Towards Dependable Self-Powered Things for the IoT

The IoT requires rethinking of traditional ways of providing power. The environment is a source of mechanical energy that could be converted into electrical energy via the direct piezoelectric effect. In order to have a reliable and sustainable energy supply for low power sensing systems in buildings, vibrational energy harvesting is being pursued. Lead based materials in a piezoelectric compliant mechanism energy harvester can provide up to 3.9 mWcm^-2g² (H.G. Yeo, 2016). However, lead has become an environmental concern. Thus, there is a need to develop lead-free alternatives for active layers in piezoelectric energy harvesters.
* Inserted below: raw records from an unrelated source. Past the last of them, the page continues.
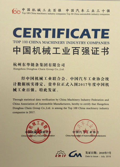 東華鏈條集團連續三年榮登中國機械工業百強榜
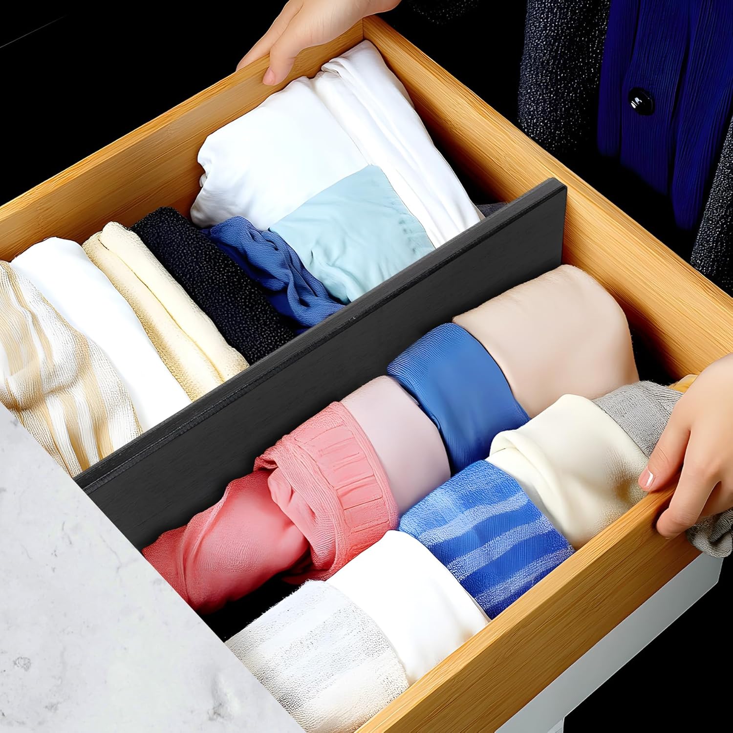 - Bamboo Material: Both ends of the divider are applied with non-slip pads to protect your drawer and also the organizer itself. Drawer dividers are made of organic moso bamboo, and are durable and beautiful
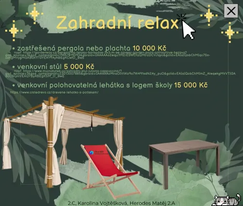 Za budovu OA se jím stal projekt „Zahradní relax“ žáků Karolíny Vojtěškové ze 2.C a Matěje Herodese ze 2.A.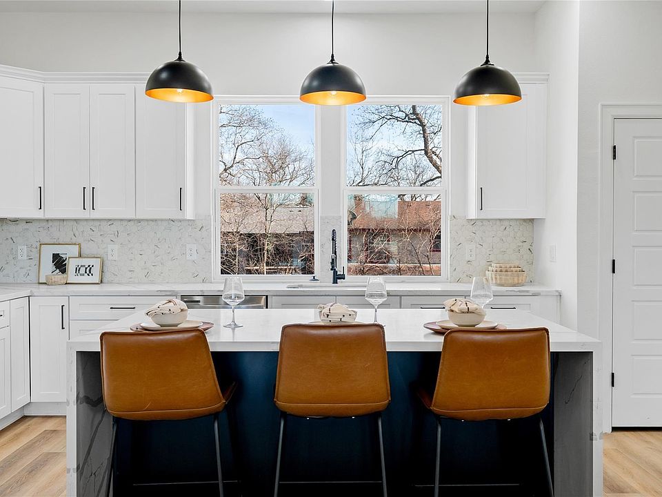 Private yardSpacious living-dining areaRoomy utility spaceStriking hexagon tile backsplashOversized islandExtended countersWrap-around counters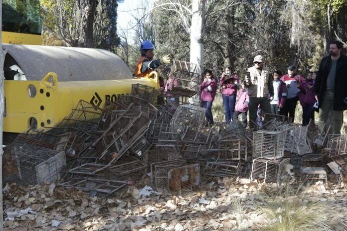 En el Centro de Rescate y Conservación de YPF, en el Complejo Industrial Luján de Cuyo, se destruyeron hoy más de 3.000 jaulas y tramperos utilizados para el comercio y tráfico ilegal de la fauna autóctona, los cuales fueron decomisados en varios operativos.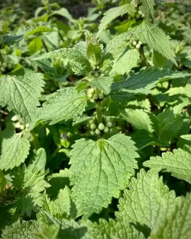 Яснотка белая (Lamium album) не имеет родства с крапивой, принадлежа к семейству яснотковых. Её листья скорее напоминают мягкие и закруглённые зубцы, а стебель покрыт коротким густым ворсом. Обращая внимание на верхушки, можно заметить мутовки белых цветов, которые появляются значительно раньше, чем цветы крапивы.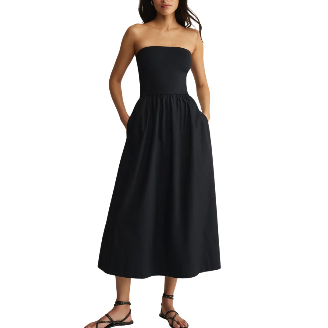 This strapless midi dress features a fitted bodice crafted in our Luxe So Smooth fabric, paired with a lightweight poplin skirt for easy movement. Designed to feel effortless from day into evening, it's a warm-weather go-to.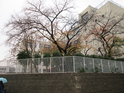 正門の桜も雨に打たれ、紅葉の葉が少なくなってきました。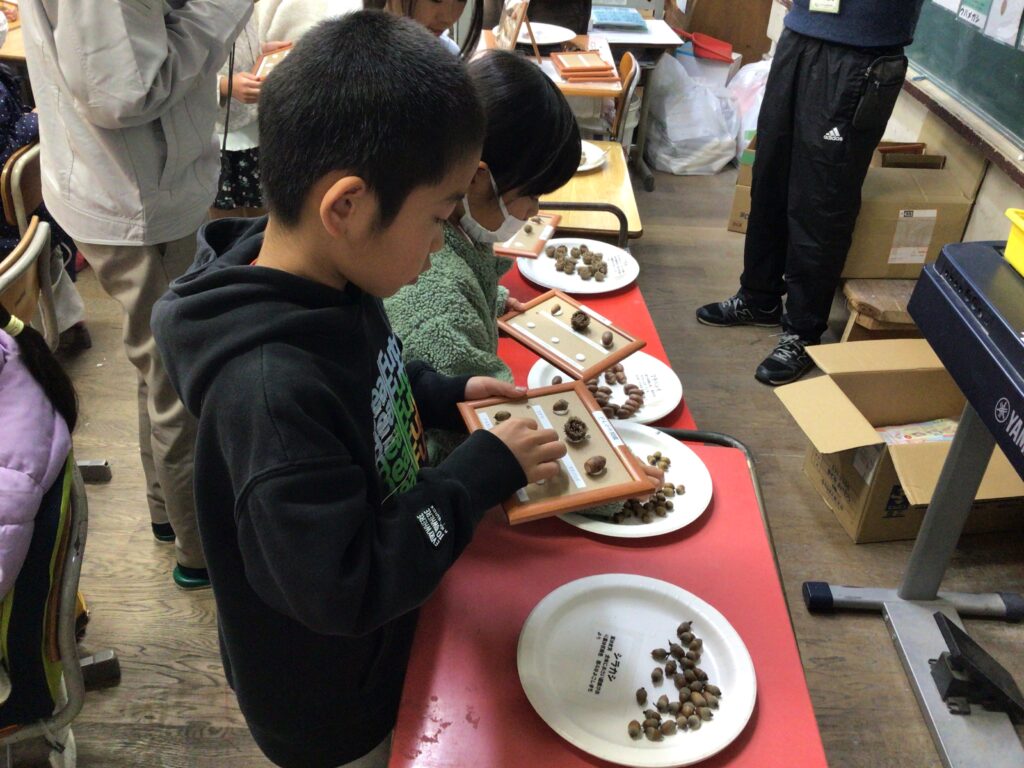 2年生 どんぐり図鑑づくり 寺小ニュース 2025.11.28 2年生は、どんぐりやまプロジェクトで講師の方や城陽市環境課の方々に来ていただき、環境教育の一環として「どんぐり」について学びました。はじめに、クイズを通してさまざまなどんぐりの特徴に触れ、楽しみながら理解を深めました。その後、6種類のどんぐり(クヌギ、コナラ、マテバシイ、ウバメガシ、アラカシ、シラカシ)を使って「どんぐり図鑑」を作成しました。子どもたちは、形や大きさの違いを確かめながら、素敵な図鑑を仕上げていました。 Post Views: 4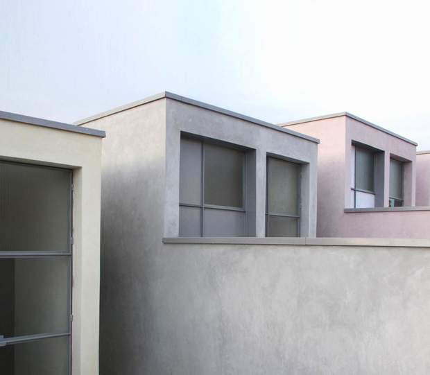 Житло з такими розмірами – це зовсім нова типологія містобудування. Як результат, ці будинки мають екстер'єри, які виготовлені з простих кольорових штукатурок.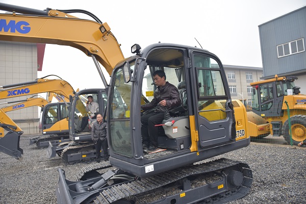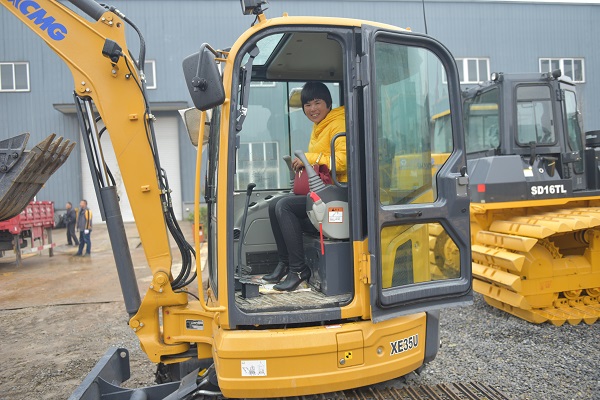 MK网挖掘机试驾区也是格外热闹:美女也忍不住试驾被称为城镇小精灵的MK网挖掘机XE35U

We choose to explore lead-free piezoelectric materials with high figure of merit (FoM), in particular BiFeO₃ and (K,Na)NbO₃. Films were grown by chemical solution deposition. The poster summarizes recent progress in film development optimization with corresponding piezoelectric properties. The e_31,eff coefficient relative to the direct piezoelectric effect for BiFeO₃ is -1.26 C/m², the corresponding FoM is equal to 0.015 C²/m⁴. The 0.5% Manganese doped KNN shows ferroelectric properties with the d₃₃ coefficient relative to the inverse piezoelectric effect equal to 20 pm/V. We will integrate these materials into a Compliant Mechanism Piezoelectric energy-harvesting device (H.G. Yeo, 2016).
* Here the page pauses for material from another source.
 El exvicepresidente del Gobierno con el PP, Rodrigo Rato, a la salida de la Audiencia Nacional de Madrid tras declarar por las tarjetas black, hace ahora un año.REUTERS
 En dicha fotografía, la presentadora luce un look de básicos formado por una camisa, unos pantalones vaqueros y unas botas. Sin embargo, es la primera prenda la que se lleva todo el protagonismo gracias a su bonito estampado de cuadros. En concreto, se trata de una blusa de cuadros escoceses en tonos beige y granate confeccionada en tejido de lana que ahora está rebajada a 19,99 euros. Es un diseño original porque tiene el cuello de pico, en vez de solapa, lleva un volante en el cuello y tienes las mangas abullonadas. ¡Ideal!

This study responds to a need for powering interconnected devices for the IoT in a sustainable manner without using piezoelectric materials containing lead. One outcome is that the viability of vibrational energy harvesters using lead free piezoelectric thin films such as BiFeO₃ and (K,Na)NbO₃ will be assessed. The chemical solution deposition method chosen is cost effective in comparison to sputtering or pulsed laser deposition and is readily scaled to large areas.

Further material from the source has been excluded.